BEGIN Supplied data

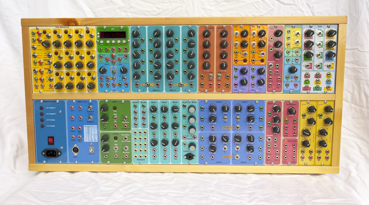 Hey guys! I'm new to the forum, but have visited it many times in the past few months on my quest to build my first modular system. I wanted to show off my system now that I have finally finished it! All the circuits were hand soldered on perf board and I used a label maker for the panels and 3D printed the knobs (Knobs are surprisingly expensive!). The filter doesn't have labels unfortunately because I used the label maker at my High School but I just graduated and don't have access to it anymore. I'm now working on my 2nd modular system which is a bit more ambitious because the cabinet is 4ft wide and inspired by the Moog system 35!
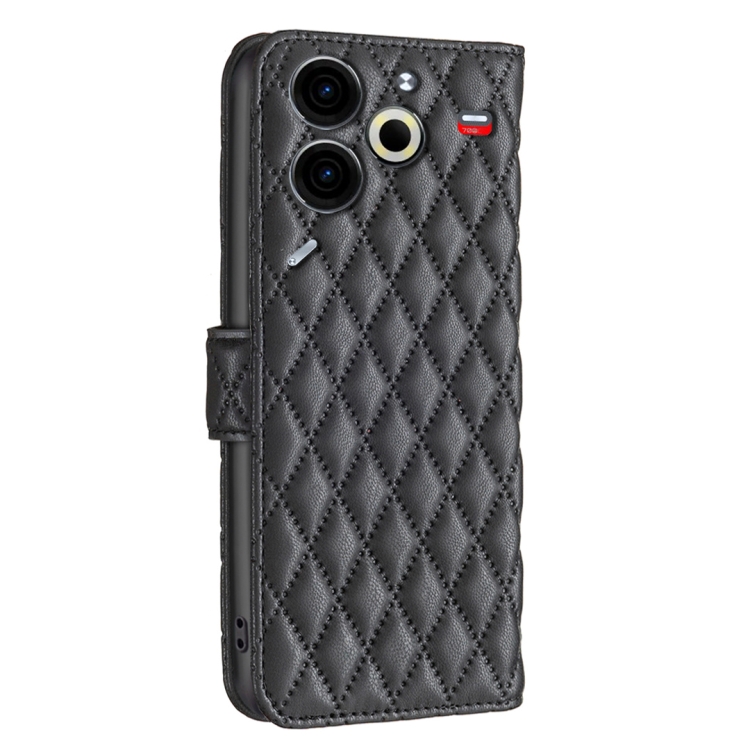 Funda de Cuero con Tapa para Tecno Pova 6 Neo Diamond Lattice (Negro)
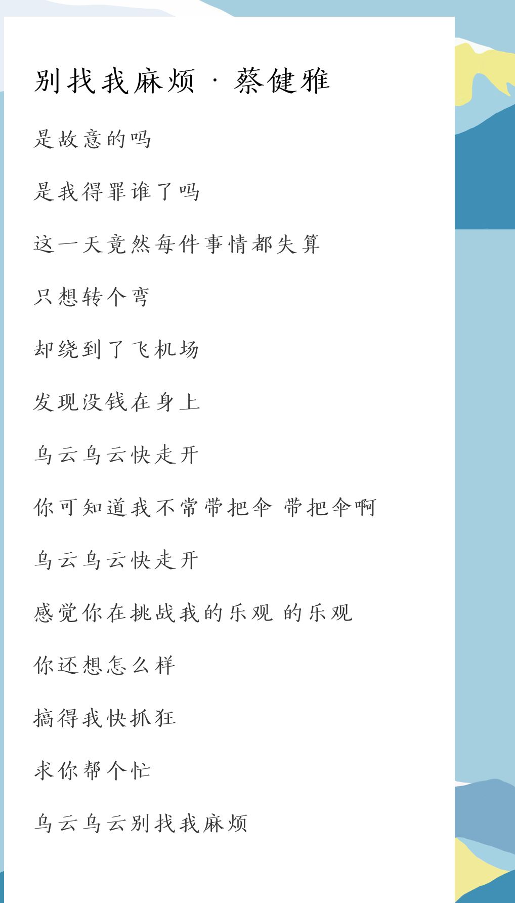 当然,还有很多关于蔡健雅的歌曲!《达尔文》,《重来》,《我要给世界最悠长的湿吻》,《越来越不懂》等等。新学期,新征程,新未来,我们会一直成长,进化成更好的人。

END Supplied data

> _The task_
Retype the whole of the data verbatim. Skip every picture.

> _Answer section_
 Hey guys! I'm new to the forum, but have visited it many times in the past few months on my quest to build my first modular system. I wanted to show off my system now that I have finally finished it! All the circuits were hand soldered on perf board and I used a label maker for the panels and 3D printed the knobs (Knobs are surprisingly expensive!). The filter doesn't have labels unfortunately because I used the label maker at my High School but I just graduated and don't have access to it anymore. I'm now working on my 2nd modular system which is a bit more ambitious because the cabinet is 4ft wide and inspired by the Moog system 35!
 Funda de Cuero con Tapa para Tecno Pova 6 Neo Diamond Lattice (Negro)
 当然,还有很多关于蔡健雅的歌曲!《达尔文》,《重来》,《我要给世界最悠长的湿吻》,《越来越不懂》等等。新学期,新征程,新未来,我们会一直成长,进化成更好的人。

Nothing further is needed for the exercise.